Il 18 febbraio 1872 un uomo mangiò carne di manzo e provocò una rivoluzione, con assalti, scontri, morti e feriti. Cosa comprensibile, se si pensa che l’uomo in questione era l’imperatore del Giappone e mangiare carne era stato fino a quel momento, e per 1.200 anni, proibitissimo. Con il suo atto aveva posto fine a un bando secolare, imponendo al suo Paese una nuova abitudine.
Il tabù della carne animale era stato introdotto con l’arrivo del buddhismo dalla Corea, verso la fine del VI secolo. In quell’epoca i giapponesi erano avidi consumatori di carne: cacciagione e cinghiale in particolare, abitudine che, però, venne quasi cancellata dai monaci. Credendo nella reincarnazione si correva il rischio di nutrirsi con l’anima degli antenati.
Nel 675 l’imperatore Tenmu decise di ratificare la cosa, emettendo un decreto che proibiva il consumo di manzo, cavallo, cane (!), pollo e scimmia – almeno da aprile a settembre. Nei decenni successivi il tabù venne esteso a tutti gli altri mesi. Per le proteine, visto che era un’isola, esistevano i pesci. Meglio togliere spazio all’allevamento e destinarlo all’agricoltura. Le poche occasioni di consumo di carne erano fornite dai medici: se serviva per guarire (e questo valeva anche per i monaci) era permesso. Esistevano, in tutti gli altri casi, anche punitzione specifiche: per il manzo e il cavallo, 150 giorni di digiuno. Per il maiale o la cacciagioe, solo 60 (altro che Quaresima).
Quando è cominciato a cambiare il vento? Con l’arrivo di qualche missionario portoghese, verso l’inizio del XVI secolo. I nuovi arrivati ebbero subito modo di vedere che bere latte era come bere sangue, e che mangiare carne era, ai loro occhi, soltanto assurdo. Perfino il signore della guerra Toyotomi Hideyoshi, non certo una mammoletta, inorridiva al pensiero di mangiare mucca e lanciava maledizioni contro i missionari.

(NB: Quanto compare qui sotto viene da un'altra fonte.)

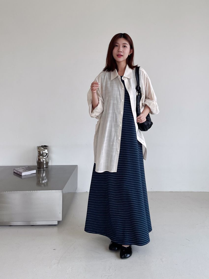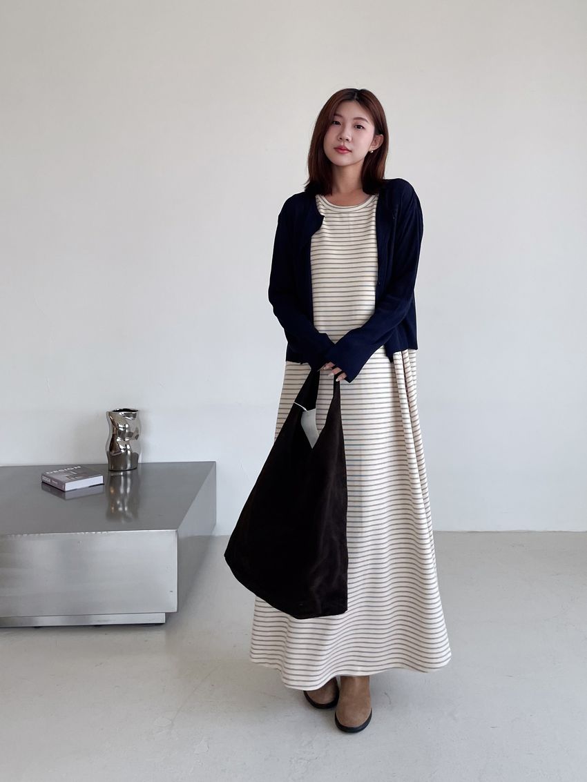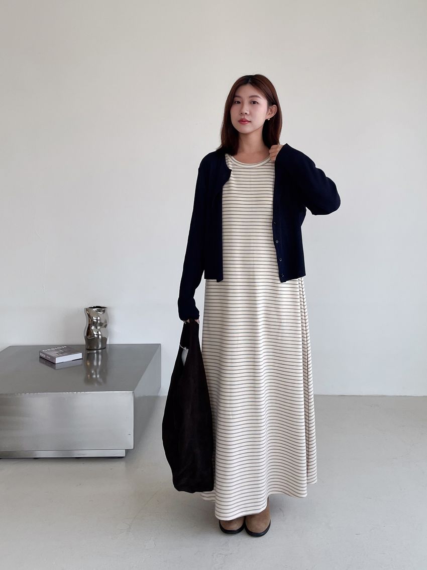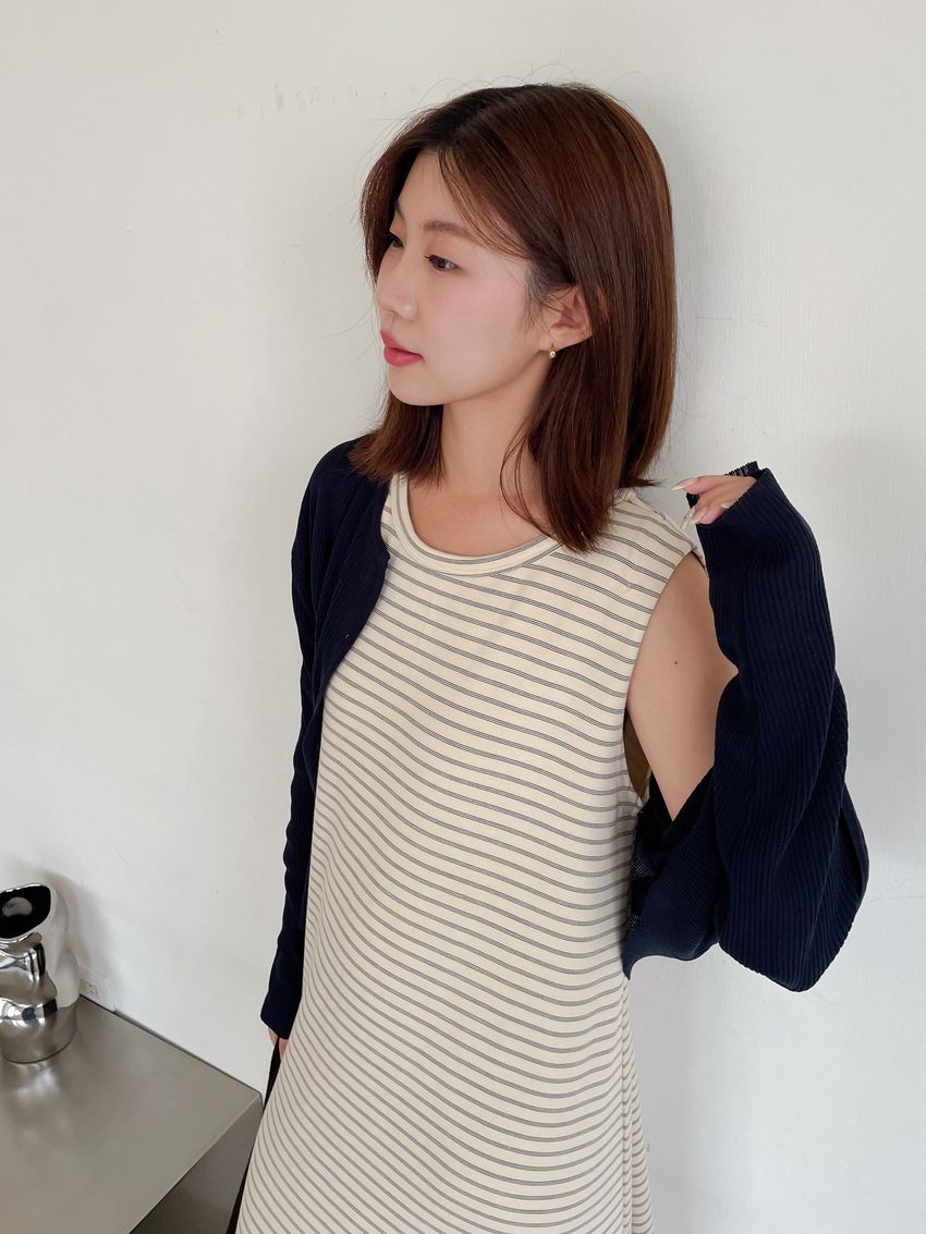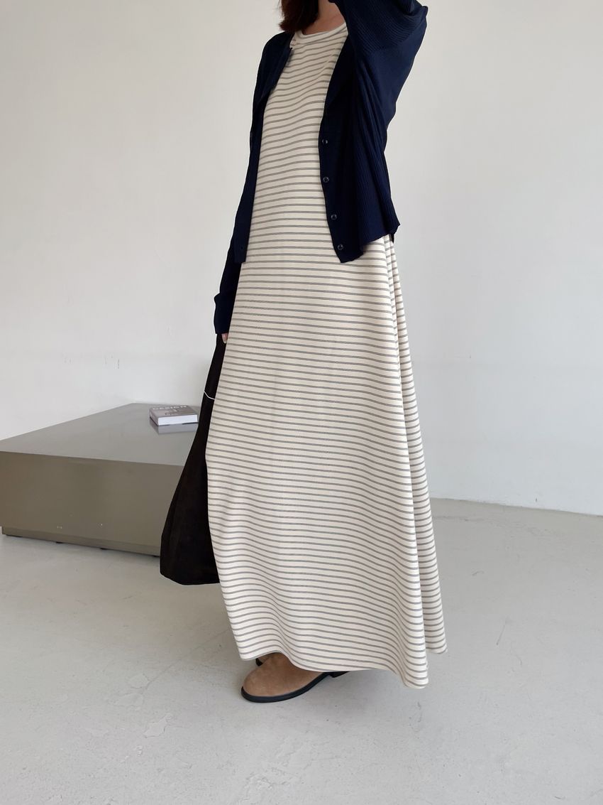 > Connie推薦款!三線橫條棉質背心長洋裝(直播款)
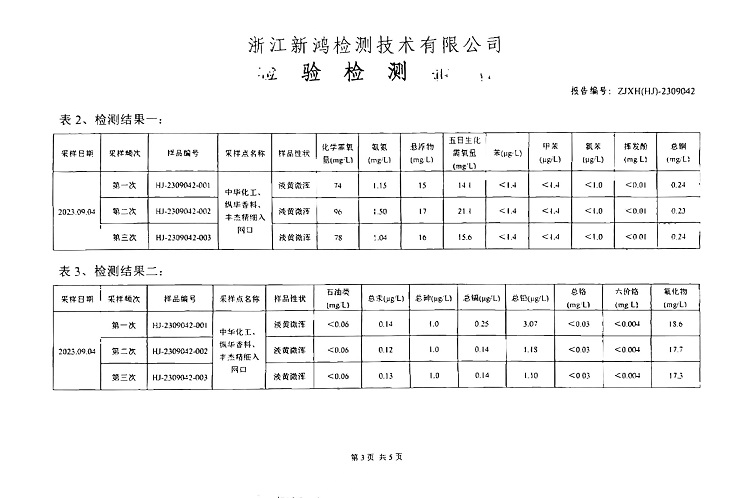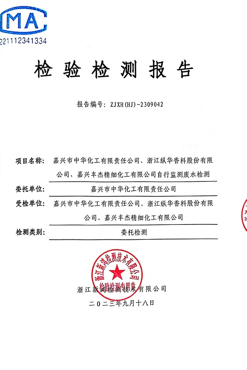 報(bào)告名稱:中華化工、縱華、豐杰2023.3季度廢水檢測(cè)報(bào)告

Ma si sa, chi l’ha dura la vince e i portoghesi, cocciuti gesuiti e francescani, ebbero la meglio. Il consumo di carne – dalla vaca alla tempura – divenne sempre più diffuso. Fu l’inizio di un’inversione di rotta che culminò nel XIX secolo: con la dinastia Meiji il Paese volle recuperare il ritardo secolare accumulato nei confronti dell’Occidente e iniziò un periodo di modernizzazione forzata. Tra le varie tradizione, venne abbandonato anche il tabù della carne. L’imperatore decise di dare il colpo decisivo mangiando, lui per primo, un po’ di carne di manzo. I monaci si ribellarono, ci furono scontri, battaglie e morti. Ma alla fine l’Occidentalizzazione prevalse. E di sicuro quelli meno contenti, dopo i buddhisti, furono proprio i manzi.